Let $L:(0,\infty)\rightarrow\mathbb{R}$ be defined by $$L(x)=\int_1^x\frac1t dt, \qquad x>0$$

a) Prove: $L$ strictly increasing and differentiable on $(0,\infty)$.

b) Show that $L(2)>0$

c) Prove that $L(xy)=L(x)+L(y),\quad x,y>0$

d) Show that for $n\in \mathbb{Z}$, $L(2^n)=nL(2)$

e) Prove that $L(x)$ is both injective and surjective.

Now, a and b are simple enough (I'll still include them) but starting from c I'm having some serious trouble. It'd be easy to note that $L(x)$ is the logarithmic function, so all these things hold, but since we haven't discussed logarithms in class, I suppose this exercise is built to derive some of its properties.

My work:

a) Note how $\frac 1t$ is continuous on $(0,\infty)$; it follow immediately that $L(x)$ is differentiable and $L'(x)=1/x$. Note also how $1/x>0$ for all $x>0$. Because of this, $L(x)$ is strictly increasing.

b) Consider $L(1)=\int_1^1\frac1t dt=0$. (Fundamental theorem of calculus) Since $L(x)$ is strictly increasing, $L(2)>L(1)=0$.

c) No significant results, as I don't want to use the logarithm for this.

d) Let $n\geq 0$, then this follows immediately from c).

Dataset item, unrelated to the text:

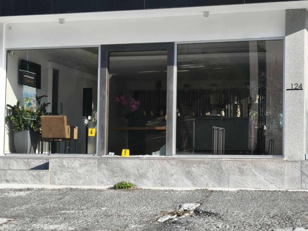 Από τις επιτόπιες έρευνες διαπιστώθηκε ότι ρίφθηκαν 11 πυροβολισμοί από τυφέκιο, οι οποίοι έπληξαν τη γυάλινη είσοδο των γραφείων, προκαλώντας ζημιές στη γυάλινη προθήκη της εισόδου των γραφείων.

For $n<0$ I've tried to play around with the fundamental theorem of calculus but didn't get to any significant result.

e) Note how $L(x)$ is strictly increasing and thus injective. To prove that $L(x)$ is on to, we have to take an arbitrary $y\in\mathbb{R}$ and show that $L(x)=y$ for some $x\in (0,\infty)$. I can intuitively see how this would be the case and that it could probably be proven without use of logarithms, but find it difficult to come up with any sort of formal argument.

Now I'm very curious to know whether these can be proven without making use of logarithms, and if so, what their proofs look like.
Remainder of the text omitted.